My concern isn’t the lack of loop preemption. My concern is that the RFC never says CPU loops don’t yield. If it isn’t stated explicitly, it won’t be documented, and users will discover it the hard way. That’s exactly the sort of footgun we should avoid at the language level.
Lastly, cancellation during a syscall is still unclear. If a coroutine is cancelled while something like fwrite() or a DB write is in progress, what should happen?
Does fwrite() still return the number of bytes written? Does it throw? For write-operations in particular, this affects whether applications can maintain a consistent state.
If the write operation is interrupted, the function will return an
error according to its contract. In this case, it will return false.
fwrite() almost never returns false, it returns “bytes written OR false”. Partial successful writes are normal and extremely common. So, cancellation does change the behaviour unless this is spelled out very carefully so calling code can recover appropriately.

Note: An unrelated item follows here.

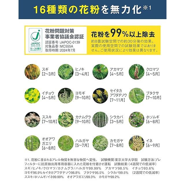 ●TAFUフィルター(静電HEPAフィルター)でしっかり集じん<br> 撥水・撥油効果の高い素材を使用したフィルターを採用。<br> 汚れが広がりにくく、静電力が落ちにくいのが特長です。<br> 0.3μmの微小な粒子を99.97%除去※します。<br> ※フィルターの除去性能です。部屋全体への除去性能とは異なります。JIS B 9908の試験方法に基づき測定<br> ●独自の構造でキレイな空気をつくる<br> 吹き出しの音がポイント!ワイドな吹き出し口の採用と、ファンをフィルターの下部に配置することによる防音効果で、人が感じる運転音に配慮しました。<br> ●ストリーマで本体内部も清潔に<br> 通風経路であるファンスクロールを除菌※<br> ※試験機関:株式会社食環境衛生研究所 試験番号:227116N-1 試験方法:空気清浄機に搭載したファンスクロールに菌液を接種した試験片を貼付し、25m3(約6畳)の密閉した試験空間で運転。5時間後の生菌数を測定。<br> ※試験対象:1種類の細菌 試験結果:5時間後に99%以上抑制 試験機:MC555Aと同等機種(MCK40Z)で実施(ターボ運転)<br> ●電源コードにL字プラグ採用で安心、便利に<br> ●壁掛けにも対応します。壁掛キット【別売】 品番:BKK110A4<br> <br> 【仕様】<br> 適用床面積(目安) :〜25畳 (〜41m2)<br> 空気清浄 清浄時間:8畳/11分<br> 空気清浄モード:しずか・弱・標準・ターボ<br> 電源:単相100V (50Hz・60Hz共通) キャブタイヤコード(床置対応)<br> 定格消費電力:46W<br> 安心便利機能:操作部抗菌(操作シート部分)、L字プラグ電源コード、リモコン付き<br> 外形寸法:幅270×奥行270×高さ500 mm<br> 質量:6.8kg

Clarifying these points would really help people understand how to reason about concurrency with this API.
This is described in the document.
I may be missing something, but I don’t see this spelled out anywhere in the RFC.
There is, of course, a nuance regarding extended error descriptions,
but at the moment no such changes are planned.
That’s fine, but then do you expect the RFC to pass as-is? Right now, without suspension rules, scheduler guarantees, defined syscall-cancellation semantics, it’s tough to evaluate the correctness and performance implications. Leaving some of the most important aspects as an “implementation detail” seems like asking for trouble.